Analyze the pair-wise relationships between the features of the boston data

Next, analyze the pair-wise relationships between all fourteen features of the boston data. First, analyze their relationship through scatter plots. Then, create a heatmap of the correlations between the features. What did you learn about the data?

# we need to add the target as the fourtenths feature to the data frame
boston_df['TARGET'] = boston.target
# the rest is automatically done by seaborns powerful pairplot function
sns.pairplot(boston_df)
plt.show()

Here are some things you can learn from the pairplot:

There seems to be a negative correlation between the following pairs of features: CRIM and TARGET; DIS and INDUS; DIS and NOX; LSTAT and RM; LSTAT and TARGET; DIS and AGE.
There seems to be a positive correlation between the following pairs of features: DIS and ZN; NOX and INDUS; TAX and INDUS; PTRATIO and INDUS; AGE and NOX; TAX and NOX; RM and TARGET.
There may be some more correlations, but they seem to be fairly week. Many relationships between features look rather random.
It may be possible to draw some cautious conlusions about the data from the correlations, e.g., that regions where the property tax is higher tend to have more non-retail business and a higher nitrous oxide concentration and that the nitrous oxide concentration decreases with distance from employment centers. But these conclusions would be relatively weak and require further analysis of the interactions between the features.

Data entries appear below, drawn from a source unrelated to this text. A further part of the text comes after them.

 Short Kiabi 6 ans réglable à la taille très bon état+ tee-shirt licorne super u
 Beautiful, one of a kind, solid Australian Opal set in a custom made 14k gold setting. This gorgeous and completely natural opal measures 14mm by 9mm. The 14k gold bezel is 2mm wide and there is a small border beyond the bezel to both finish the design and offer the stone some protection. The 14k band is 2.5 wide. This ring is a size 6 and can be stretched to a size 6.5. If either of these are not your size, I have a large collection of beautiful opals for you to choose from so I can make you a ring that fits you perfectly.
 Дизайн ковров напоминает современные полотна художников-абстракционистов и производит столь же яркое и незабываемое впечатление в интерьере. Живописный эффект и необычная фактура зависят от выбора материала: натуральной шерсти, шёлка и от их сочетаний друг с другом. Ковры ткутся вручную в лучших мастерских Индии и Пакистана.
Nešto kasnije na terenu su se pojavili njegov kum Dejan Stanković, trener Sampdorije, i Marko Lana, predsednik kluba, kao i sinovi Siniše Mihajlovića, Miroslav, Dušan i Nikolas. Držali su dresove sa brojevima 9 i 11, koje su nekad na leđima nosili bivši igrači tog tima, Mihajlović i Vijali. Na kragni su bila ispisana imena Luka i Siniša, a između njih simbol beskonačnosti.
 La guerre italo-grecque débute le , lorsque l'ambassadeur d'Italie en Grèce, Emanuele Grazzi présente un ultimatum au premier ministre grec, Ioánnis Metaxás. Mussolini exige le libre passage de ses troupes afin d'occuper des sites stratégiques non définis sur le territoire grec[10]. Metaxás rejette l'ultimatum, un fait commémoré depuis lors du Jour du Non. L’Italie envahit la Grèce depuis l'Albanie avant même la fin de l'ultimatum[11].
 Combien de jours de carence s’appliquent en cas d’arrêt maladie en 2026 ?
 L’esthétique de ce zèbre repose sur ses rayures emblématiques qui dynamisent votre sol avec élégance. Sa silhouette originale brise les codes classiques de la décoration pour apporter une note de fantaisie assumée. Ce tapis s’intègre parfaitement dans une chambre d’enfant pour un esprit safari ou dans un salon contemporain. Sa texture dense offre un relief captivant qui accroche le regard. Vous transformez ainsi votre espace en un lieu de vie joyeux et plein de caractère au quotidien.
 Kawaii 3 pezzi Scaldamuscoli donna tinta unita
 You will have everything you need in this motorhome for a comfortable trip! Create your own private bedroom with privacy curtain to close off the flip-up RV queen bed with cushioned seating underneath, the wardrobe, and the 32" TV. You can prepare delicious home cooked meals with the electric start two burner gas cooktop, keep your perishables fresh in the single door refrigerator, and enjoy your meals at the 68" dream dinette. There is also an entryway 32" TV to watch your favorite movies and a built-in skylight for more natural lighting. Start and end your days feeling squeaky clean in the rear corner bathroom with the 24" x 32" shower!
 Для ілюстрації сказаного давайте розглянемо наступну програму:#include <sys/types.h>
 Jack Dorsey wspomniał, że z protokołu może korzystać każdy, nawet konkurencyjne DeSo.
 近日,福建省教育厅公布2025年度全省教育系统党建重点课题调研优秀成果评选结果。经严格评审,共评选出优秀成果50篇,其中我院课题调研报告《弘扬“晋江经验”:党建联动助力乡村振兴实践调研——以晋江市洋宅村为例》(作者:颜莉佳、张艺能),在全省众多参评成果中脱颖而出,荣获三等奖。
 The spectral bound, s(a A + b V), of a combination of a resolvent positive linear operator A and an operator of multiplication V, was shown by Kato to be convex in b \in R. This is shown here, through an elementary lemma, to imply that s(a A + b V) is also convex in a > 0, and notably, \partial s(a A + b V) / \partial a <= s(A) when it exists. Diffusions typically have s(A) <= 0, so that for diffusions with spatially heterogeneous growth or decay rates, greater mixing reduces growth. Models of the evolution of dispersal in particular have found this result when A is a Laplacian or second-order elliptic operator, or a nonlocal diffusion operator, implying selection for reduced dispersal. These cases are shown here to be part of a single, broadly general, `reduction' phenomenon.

cmap = sns.diverging_palette(220, 10, as_cmap=True)
sns.heatmap(boston_df.corr(), square=True, linewidths=.5, 
            vmin=-1.0, vmax=1.0, cmap=cmap, annot=False)
plt.show()

The correlation heatmap confirms the analysis of the correlations from the pairwise plots. The advantage of the correlation heatmap is that the correlations are displayed more densly and easier to interpret. However, the pairwise plot allows insights into the actual locations of the data.